### Recorded data
:::::
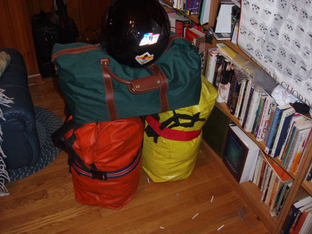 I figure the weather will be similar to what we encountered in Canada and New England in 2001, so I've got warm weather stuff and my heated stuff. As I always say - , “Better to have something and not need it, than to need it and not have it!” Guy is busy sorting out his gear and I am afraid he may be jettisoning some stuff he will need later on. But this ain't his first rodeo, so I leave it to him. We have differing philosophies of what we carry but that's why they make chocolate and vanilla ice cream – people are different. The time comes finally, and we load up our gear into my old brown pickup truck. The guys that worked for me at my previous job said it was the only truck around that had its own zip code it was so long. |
:::::
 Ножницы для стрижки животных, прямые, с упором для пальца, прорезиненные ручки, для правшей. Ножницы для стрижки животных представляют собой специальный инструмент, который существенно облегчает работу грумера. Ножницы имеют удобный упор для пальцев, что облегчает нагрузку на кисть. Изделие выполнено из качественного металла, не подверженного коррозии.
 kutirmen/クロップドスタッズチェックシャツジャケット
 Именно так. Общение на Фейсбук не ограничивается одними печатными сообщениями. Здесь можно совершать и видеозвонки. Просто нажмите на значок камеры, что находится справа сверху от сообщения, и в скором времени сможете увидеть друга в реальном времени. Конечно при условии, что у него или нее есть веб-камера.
:::::
### Work instruction
Copy the records above exactly, beginning at the line that contains "Ножницы для стрижки животных, прямые, с" and stopping after the line that contains "Именно так. Общение".

### Written solution
 Ножницы для стрижки животных, прямые, с упором для пальца, прорезиненные ручки, для правшей. Ножницы для стрижки животных представляют собой специальный инструмент, который существенно облегчает работу грумера. Ножницы имеют удобный упор для пальцев, что облегчает нагрузку на кисть. Изделие выполнено из качественного металла, не подверженного коррозии.
 kutirmen/クロップドスタッズチェックシャツジャケット
 Именно так. Общение на Фейсбук не ограничивается одними печатными сообщениями. Здесь можно совершать и видеозвонки. Просто нажмите на значок камеры, что находится справа сверху от сообщения, и в скором времени сможете увидеть друга в реальном времени. Конечно при условии, что у него или нее есть веб-камера.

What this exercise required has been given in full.